Ochenta centavos, era el precio por estar en otro lugar, el precio de la incertidumbre por ser y estar lejos de lo que había conocido, y aquello me pareció fascinante, faltaban dos años para terminar las clases del colegio y ya habían decidido enviarme con unos parientes que he visto tres veces, de las que sé lo suficiente para tener claro que no quiero estar en esa situación, no estaba dispuesto a esperar, cien años es poco tiempo para esperar y ochenta centavos mucho para conseguir algo más que supervivencia; ya tenía planeada la fuga, debería ser en el momento en que esté en clases ya que bajan la guardia, no sabía cómo saldría aquello, tuve tiempo para recorrer las vías del ferrocarril, sino podría saltar al tren tendría que caminar, no supe cuánto tiempo haría pero sería poco a comparación de cien años; es el momento, salto una barda sin saber que encontraré del otro lado, corro con todas mis fuerzas y me oculto de todas las miradas no debe reconocerme nadie, se ve difícil subir al tren, no va tan lento como parece, corro con todo lo que tengo cualquier cosa será mejor, mis pies se doblan cuando estoy agarrado con una mano, el dolor me invade, no hay tiempo, jalo con todas mis fuerzas en un grito que se ahoga en el silbato del tren.

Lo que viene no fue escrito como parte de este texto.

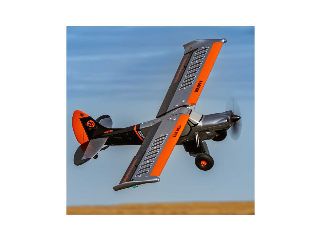 RC model letadla E-flite Micro Scrappy s rozpětím 0.8m je licencovanou replikou letounu známého pilota a konstruktéra Mike Pateyho. Stejně jako originál i model obsahuje vlastnosti STOL (vzlet a přistání na krátké dráze), odpružený podvozek s velkými měkkými pneumatikami ve stylu Tundra, vztlakové klapky, řiditelnou ostruhu a atraktivní LED osvětlení. Výkonný střídavý motor se speciální 4listou vrtulí umožňuje napájení 3S nebo 4S LiPo akumulátorem. To zajišťuje pohodové i sportovnější akrobatické létání pro mírně pokročilé a pokročilé piloty. Tato verze BNF Basic je vybavena přijímačem Spektrum s vylepšenou technologií AS3X+, která ještě lépe stabilizuje let za větru a v turbulenci, a také volitelným systémem SAFE Select pro snadnější a bezpečnější ovládání.
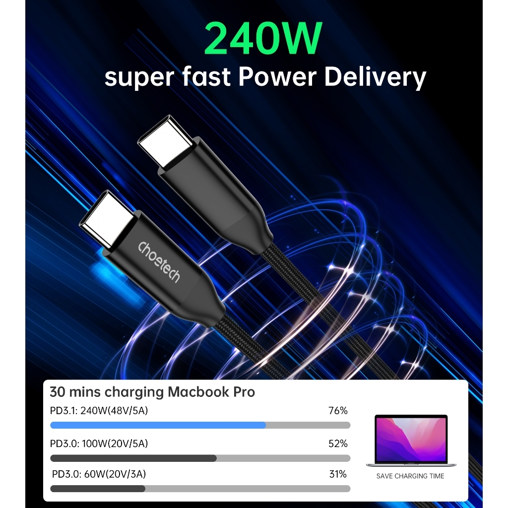 With support for the PD3.1 fast charging protocol and an impressive 240W capacity, the Choetech cable ensures swift charging for various devices like smartphones and laptops.
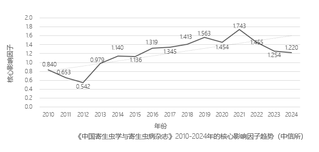 Chinese S&T papers and Citation Database (CSTPCD) was founded in 1987, and this journal was selected as a statistical source in the first year of its establishment. In 1998, Institute of Scientific and Technical Information of China published the first Chinese S&T Journal Citation reports (core edition), and Chinese Journal of Parasitology and Parasitic Diseases was selected as the Chinese S&T Core Journal. At first, Chinese S&T Core Journal was selected every two years and then selected once a year since 2013.
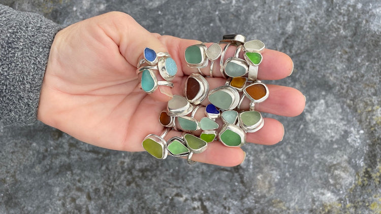 Dark Green Blue Sea Glass Ring - Size 9.75
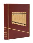 rehaussées de pastilles dorées, triples filets dorés verticaux et titre de l’ouvrage doré au centre du décor, sur les plats jeu de trois filets dorés verticaux de part et d’autre du décor central et longue bande de maroquin beige oblique dans le tiers inférieur des plats, rehaussée de pastilles dorées enjambant le dos, dos lisse avec auteur et titre dorés, tranches dorées, doublure de veau crème dans un encadrement de maroquin noir et de maroquin brun avec pastilles dorées, gardes de soie moirée crème, chemise et étui, couvertures et dos conservés. (M. Bernard - 1929).
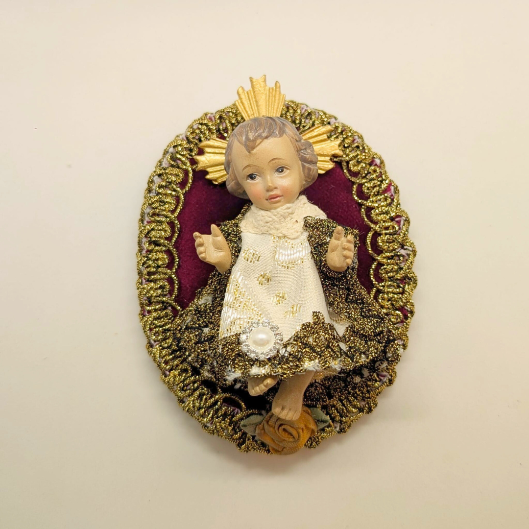 Experience the breathtaking beauty of our Magnificent Dressed Baby Jesus with Pillow [Premium] - 3.94'' | 10cm.
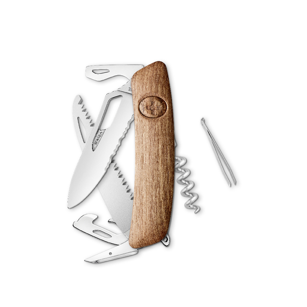 Ferramentas:Saca-rolhas “Sommelier” (garçons) com espiral de 5 voltas, Abridor de garrafas com chave de fenda nº 3 e dobrador de arame, Abridor de latas com chave de fenda nº 1, Furador / furador furador com olho de costura, Anel, Trava de segurança, Pinça, 47 mm, Lâmina para uma mão com borda ondulada, 75 mm, Serra de madeira com 31 dentes, 77 mm

He comenzado a dibujar de nuevo, no he encontrado un lugar para volver a pescar, el dolor a veces regresa cuando llueve o hace frío, aquella ocasión desperté en los matorrales, luego voces y me llevaron a cuestas, el dolor hizo que todo se nublara de nuevo, el pie que alguna vez estuvo en su lugar y me ayudó a salir del lugar donde crecí, ahora lo normal es que tenga solo un pie. Comencé a usar lo que aprendí de carpintería para tener comida y dónde dormir; no me han aceptado en la fundidora, aunque la impresión que aquellas máquinas han dejado en mi mente ha sido tan grande que me regresaron las ganas de dibujar; fui acogido por unos carpinteros que fueron pacientes con mi nueva condición. No pude conservar mis dibujos anteriores, me he conseguido material para volver a dibujar, me muevo con destreza con las muletas, no imaginaba cómo sería estar en otro lugar no imaginaba lo que sería vivir, y sin todo aquello que se pierde en el camino  y no se recupera, lo que fue, y no ha de volver, no anhelo ya nada, lo que hago lo hago con calma; se habla de otros lugares lejanos que conoceré, ya tengo más de ochenta centavos guardados, se acerca el momento en que vaya a esos lugares y siga dando forma a lo que está dentro, y tener más motivos para dibujar. Estos hombres y sus familias buscan persuadirme, han visto en mis ojos la calma del que acepta su destino y no han insistido más, me dan comida para el viaje y una palmada en la cara, una mano en la cara sin ser un golpe, es algo nuevo, soy algo nuevo, incompleto y más completo a cada decisión; un primer viaje en tren, me he estremecido al volver a ver la máquina de hierro que exhala humo.